I still need to learn more, of course, but this entry is an initial praise…
Pre-processing data
In my case, I think I will mostly try to benefit from pre-processing multiple datasets from multiple data sources into “curated” views & tables to facilitate downstream usage of the info by myself and others. The cool thing is, I think a good part of the preprocessing will be feasible directly from within Snowflake, thereby simplifying my consuming data from scripts and dashboards, all the while providing info from multiple sources in a consolidated manner. We’ll see.
Very nice flexibility
No question about it, the flexibility of storage and processing has impressed me, indeed.
Even so, my needs are not “Big Data” – still it’s cool to know/see that there is magnificent flexibility to adapt capacity for bigger needs.
In the AAA area, the roles and schemas and al. are nice, in that the model makes sense to me, anyway.
Multiple Options too
So as with some traditional DBMS you can save stored procedures, which helps organize things a bit.
What’s more, I have tested running some Python in there too, and I see other languages are available (JS and more).
Conclusions
So much could be said.
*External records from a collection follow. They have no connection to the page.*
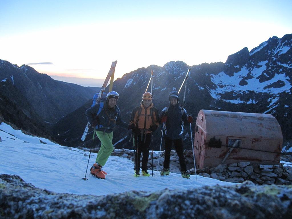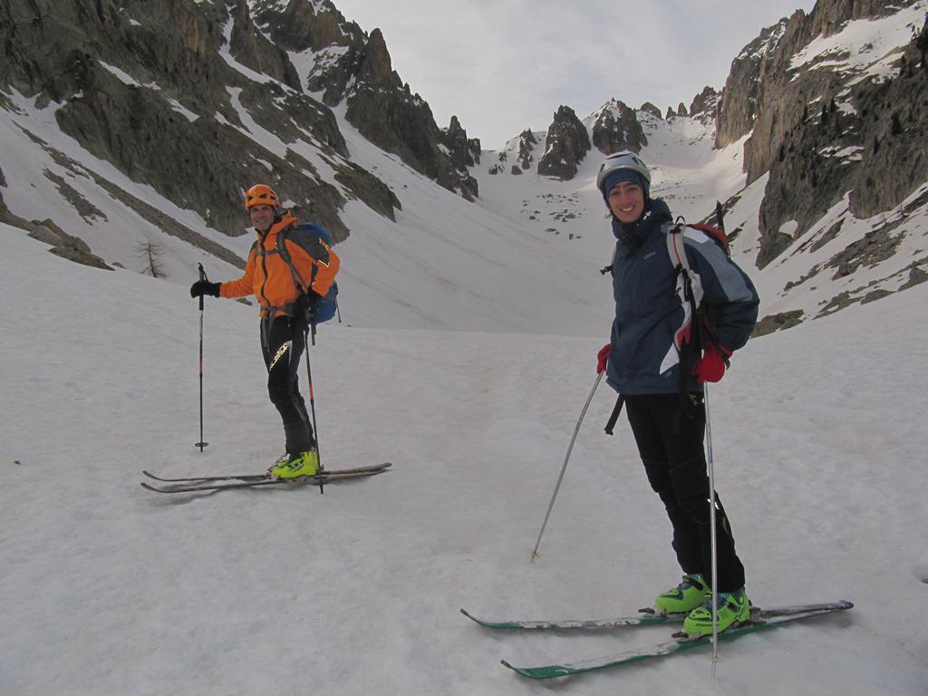 Dopo la passeggiata fino al Piano Valasco superiore, il portage continua lungo il “vallone dei morti” fino a quota 2100 m; quindi calziamo gli sci e la neve è ottima fino al colletto Valasco e poi fino al Guiglia dove con alcune scivolate e poca risalita giungiamo alle 19:45. Partenza alle 5:45 ramponi ai piedi fino in vetta (1h15′) passando dal colletto di Bresses. Calati al colle ovest di Bresses a piedi, calziamo gli sci e ci godiamo (anche se la neve è dura) la discesa fin sotto il colle Prefouns che raggiungiamo con una breve risalita di 10′. Alle 09:00 ripartiamo e, su neve dura in alto e molle in basso raggiungiamo il ponte sci ai piedi (1 solo gava e buta). Non durerà molto la neve; già nel canalone di Prefouns era al limite per riuscire a passare il torrente nella strettoia a metà. Ricalziamo le pedule e in 45′ siamo alla macchina.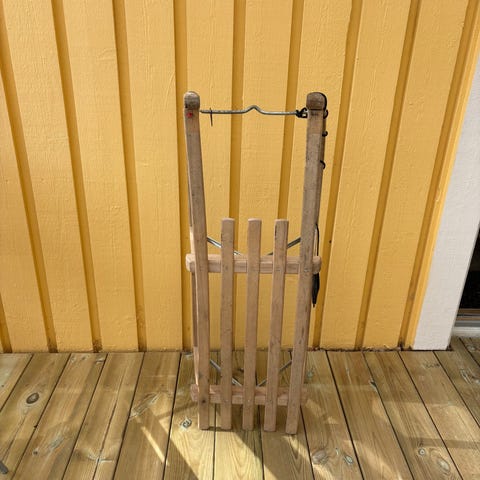 Trä snö kälke. Längd: 110cm, sitthöjd:23cm.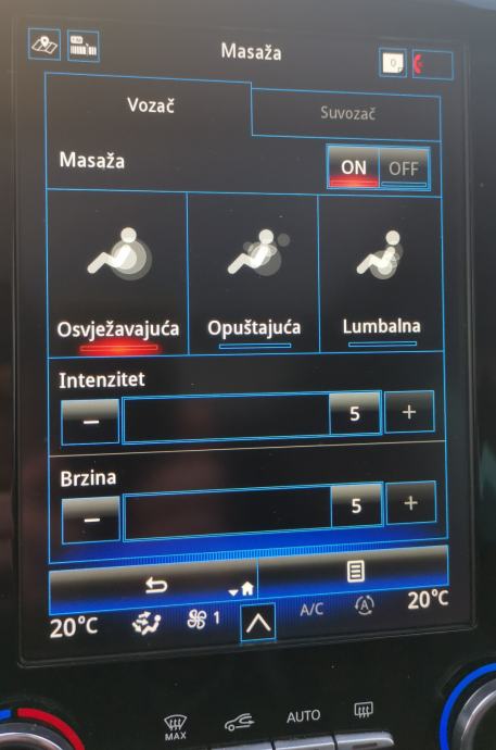 Funkcija masaže vozačkog i suvozačkog sjedala (3 vrste masaže)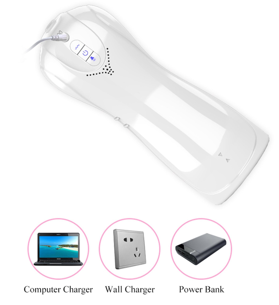 1) Коротко нажмите (нижнюю) кнопку, чтобы включить мастурбатор. Он вибрирует в течение 1 секунды и переходит в режим ожидания. Еще одно короткое нажатие активирует первый режим вибрации. Каждое короткое нажатие изменяет функцию массажера, используя 7 режимов вибрации.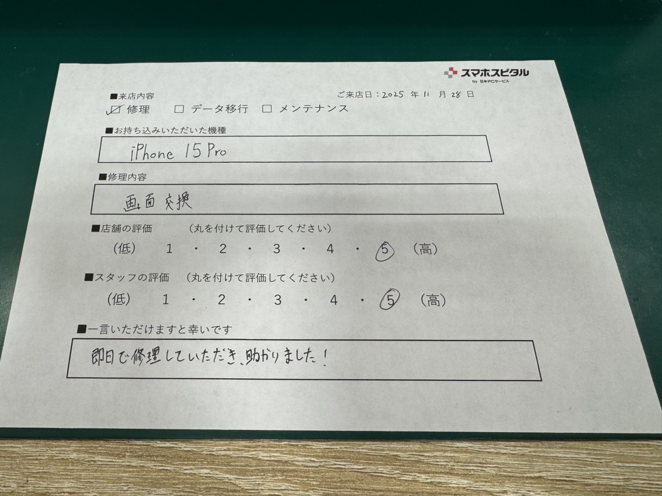iPhone15Pro 画面交換のお客様から頂きました。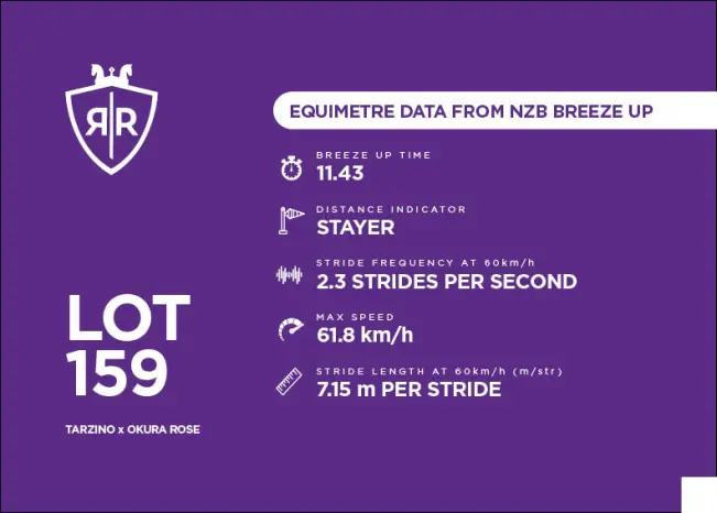 TARZINO (NZ) (Bay 2012-Stud 2017). 4 wins from 1400m to 2500m, Victoria Derby, Gr.1. Sire of 105 rnrs, 41 wnrs, inc. SW Gypsy Goddess (BRC Queensland Oaks, Gr.1), Jungle Magnate - Beautyverse (H.K.), SP Mountain Guest, Tarex, Bitcoin, Foreign Raider and of Natural Mystic, Artzino, Born Hustler, Crouch, Torranzino, Chayse 'n' Noah, Cristalino, Kerchak, Star Ballot, Stark Raving, Te Toki, By Nine, Strongbow, etc. 1st dam OKURA ROSE, by Makfi. Unraced. Half-sister to Samski, Spina Rosa (dam of THE INFERNO). This is her third foal. Her second foal is an unraced 3YO. Her first foal is unraced. 2nd dam GYPSY GEENA, by Woodman. Winner at 1600m, 2d MRC Moduline P., 3d Waikato RC Davinci Solutions H. Half-sister to LOTTERIA, Rose of Sharon. Dam of 7 foals, 6 to race, 4 winners, inc:- Samski (Exceed and Excel). 4 wins 1050m to 1200m, 3d MRC Chairman's S., L. Spina Rosa. Placed at 3 in Aust. Dam of 2 winners- THE INFERNO (Holy Roman Emperor). Horse of the Year in Singapore in 2020. 9 wins-4 in succession-1000m to 1600m, A$929,925, S$906,573, MVRC Ian McEwen S., Gr.2, Singapore TC Lion City Cup, L, Aushorse Golden Horseshoe, L, Saas Fee S., L, 2d MVRC AJ Moir S., Gr.1. D'Aguilar. 7 wins-3 in succession-1350m to 2000m, A$412,200, to 2022-23, Pakenham RC William Newton VC H., VRC M Kiely Trophy. 3rd dam Rose Reward, by Sir Tristram. 3 wins-1 at 2-1300m to 2000m, A$121,840, Albury Cup, AJC Governor Macquarie 2YO H., Fujitsu the Integrators H., 3d VATC One Thousand Guineas, Gr.1, City Tattersall's Club Cup, L, AJC Thermal Power H., Lone Star Steakhouse & Saloon H., Grace Bros H., 4th STC Canterbury Guineas, Gr.1, VRC Wakeful S., Gr.2, AJC Silver Shadow S., Gr.2. Three-quarter-sister to CHIMING KNIGHT, Night Club, Twistalot. Dam of 9 foals, 7 to race, 5 winners, inc:- LOTTERIA (Redoute's Choice). 8 wins-5 in succession-1200m to 1600m, A$1,491,560, AJC Flight S., Gr.1, VRC Myer Classic, Gr.1, AJC Surround S., Gr.2, STC Shannon S., Gr.2, Newcastle JC Spring S., Gr.3, AJC Show County H., L, 2d MVRC WS Cox P., Gr.1. Dam of 6 winners- Pink Ivory (Redwood). 3 wins 1600m to 1880m, A$228,480, to 2022-23, ATC Download the TAB App H., 2d ATC Aspiration H., Gr.3. Fonssagrives. Winner at 2400m in Aust. Dam of 4 winners- Statuesquely (Medaglia d'Oro). 2 wins at 1400m, 1600m, A$144,940, ATC ANZ Bloodstock News H., 2d Gosford RC Belle of the Turf S., Gr.3. Bacio del Vinto. Unraced. Dam of 5 winners- MARRONI (Makfi). 7 wins 1400m to 2300m, NZ$239,531, A$28,200, to 2022-23, Manawatu Cup, Gr.3, 2d BOP RC Japan Trophy, Gr.2. Rose of Sharon (Encosta de Lago). Winner at 1250m, A$131,275, 2d AJC James HB Carr S., L, 3d Queensland Oaks, Gr.1. Dam of 4 winners- Time is Precious (Snitzel). Winner at 2 at 1000m, A$125,450, ATC Harrolds Victory Vein 2YO P., 2d ATC Magic Night S., Gr.3. La Roseraie. Placed in Aust. Dam of- Truly Reliable (Reliable Man). 2 wins at 1300m, 1400m, A$101,693, 2d WATC Belmont Classic, L, All Flags Signs H., 3d WATC Aquanita S., L. |

I have pointed in the past to the value of having nice cleaned-up data views as input for creating Dashboards (say in PowerBI or Tableau…), and in this case it seems a PaaS (or is it a SaaS?) solution can help, while providing speed, scalability (with little effort on the part of the analyst), while also helping with consolidating and (at least to a point) cleaning up what I guess will be messy input data (it never comes perfect, I suppose).
Plus, if that approach helps share data with some colleagues – without requiring my R scripts on my laptop in the middle to do data wrangling -, well that’s a nice outcome…
In the past couple of years I have had the opportunity to “play with” things beyond my “laptop-Docker-RStudio” simple setup (which is most cases is quite sufficient).
To share info with third parties, PowerBI dashboards are fair.
For point-in-time “big data” processing, I have tested Azure Synapse and PySpark, and that was great.
Well, Snowflake is great too, very flexible, not for the same use case, but rather to replace databases.
In summary I’m loving it too, so far.
And on a personal note, I can’t avoid but feel so lucky for being exposed to all these great platforms and solutions. That, and the master I’m studying, have pushed me to what I feel as “another level” as a data analyst over the past two years. It’s a lot of work, but…
I am incredibly lucky indeed.